Learning to generalize to domains that are unseen during training is a challenging problem. One approach to domain generalization or out-of-distribution generalization is based on reducing variation due to sets or environments one has access to during training. For example, one can align features of different environments (Muandet2013DomainGV; Sun2016DeepCC) or use data-augmentation to help prevent overfitting to environment-specific features (Carlucci2019DomainGB; Zhou2020DeepDI). At one extreme, domain adaptation assumes access to unlabeled test examples whose distribution can be then matched in the feature space (e.g, (Ganin2016DomainAdversarialTO)).

More recent approaches build on causal invariance as the foundation for out-of-distribution generalization. The key assumption is that the available training environments represent nuisance variation, realized by intervening on non-causal variables in the underlying Structural Causal Model (Pearl2000CausalityMR). Since causal relationships can be assumed to remain invariant across the training environments as well as any unseen environments, a number of recent approaches (Peters2015CausalIU; Arjovsky2019InvariantRM; Krueger2020OutofDistributionGV) tailor their objectives to remove spurious (non-causal) features specific to training environments.

In this paper, we propose a simple robust criterion termed Transfer Risk Minimization (TRM). The goal of TRM is to directly translate model’s ability to generalize across environments into a learning objective. As in prior work, we decompose the model into a feature mapping and a predictor operating on the features. Our transfer risk in this setting measures the average risk of applying the optimal predictor learned in one environment to examples from another adversarially chosen environment. The feature representation is then tailored to support such robust transfer. Although our work is greatly inspired by IRM (Arjovsky2019InvariantRM), we show that TRM serves as a better out-of-distribution criterion with both empirical and theoretical analysis in non-linear case.

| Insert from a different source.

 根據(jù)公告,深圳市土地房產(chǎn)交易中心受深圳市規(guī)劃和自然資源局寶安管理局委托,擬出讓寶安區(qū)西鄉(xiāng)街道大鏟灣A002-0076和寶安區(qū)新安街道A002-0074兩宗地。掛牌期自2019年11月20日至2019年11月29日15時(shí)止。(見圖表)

We further show that the TRM objective decomposes into two terms, direct transfer term and a weighted gradient-matching term with connections to meta-learning. We then propose an alternating updating algorithm for optimizing TRM.

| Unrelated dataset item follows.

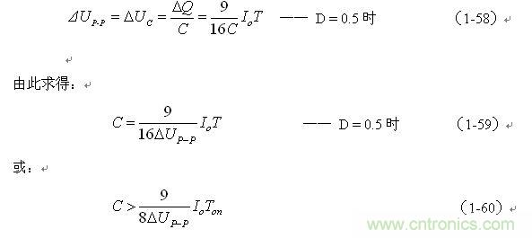 (1-59)和(1-60)式,就是計(jì)算并聯(lián)式開關(guān)電源儲(chǔ)能濾波電容的公式。式中:Io是流過負(fù)載電流的平均值,T為開關(guān)工作周期,ΔUP-P為濾波輸出電壓紋波,此紋波電壓ΔUP-P實(shí)際上就是電容器兩端的充放電電壓增量,即:ΔUP-P = ΔUc 。
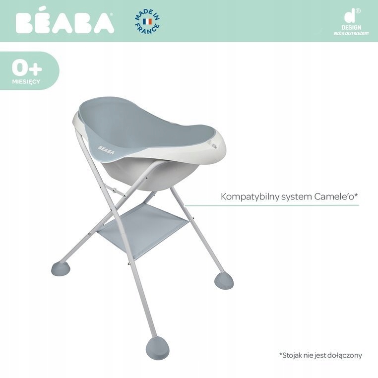 Концепция продукции Camele'o основана на совместимости всех элементов линейки, поэтому на подставке взаимозаменяемо монтируется не только ванна, но и пеленальный столик, что позволяет лучше организовать пространство в комнате. ванная или детская комната.

To evaluate robustness we introduce two patterns of environment shifts based on 10C-CMNIST and SceneCOCO datasets. We construct these controlled settings so as to exercise different combinations of invariant and non-causal features, highlighting the impact of non-causal features in the training environments. In the absence of non-causal confounders, we show that all the methods achieve decent out-of-distribution generalization. When non-causal features are present, however, TRM offers greater robustness against biased training environments. We further demonstrate that our approach leads to good performance on the two real-world datasets, PACS and Office-Home.

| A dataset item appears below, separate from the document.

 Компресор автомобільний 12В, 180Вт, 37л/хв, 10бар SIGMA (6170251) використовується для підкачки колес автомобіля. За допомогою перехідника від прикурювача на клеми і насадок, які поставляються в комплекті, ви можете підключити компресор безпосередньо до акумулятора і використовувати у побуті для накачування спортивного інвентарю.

## 2 Background and related works

##### Domain generalization

Machine learning models trained with Empirical Risk Minimization may not perform well in unseen environments where examples are sampled from a distribution different from training. The problem is known as out-of-distribution generalization or domain generalization (Blanchard2011GeneralizingFS; Muandet2013DomainGV). A number of recent approaches have been proposed in this context. We only touch some of them for brevity. A typical approach to out-of-distribution generalization involves (distributionally) aligning training environments (Muandet2013DomainGV; Ganin2016DomainAdversarialTO; Sun2016DeepCC; Li2018DomainGV; Shi2021GradientMF). Related approaches such as Nam2019ReducingDG encourage the model to focus more on shapes via style adversarial learning, adopt data augmentations (Carlucci2019DomainGB; Zhou2020DeepDI) or meta-learning (Li2018LearningTG).

##### Causal invariance

A recent line of work focuses on promoting invariance as a way to isolate causally meaningful features. Ideally, one would specify a structural equation model (Pearl2000CausalityMR), expressing direct and indirect causes, distinguishing them from spurious, environment specific influences that are unlikely to generalize (Peters2015CausalIU; RojasCarulla2018InvariantMF; Mller2020LearningRM). Invariance serves as a statistically more amenable proxy criterion towards identifying causally relevant features for predictors. Arjovsky2019InvariantRM proposed invariant risk minimization over feature-predictor decompositions. The main idea is that the predictor operating on causal features can be assumed to be simultaneously optimal across training environments. A number of related approaches have been proposed. For example, Krueger2020OutofDistributionGV

uses variance of losses as regularization,

Jin2020DomainEV minimizes the regret loss induced by held-out environments and Parascandolo2020LearningET aligns gradient signs across environments by and-mask.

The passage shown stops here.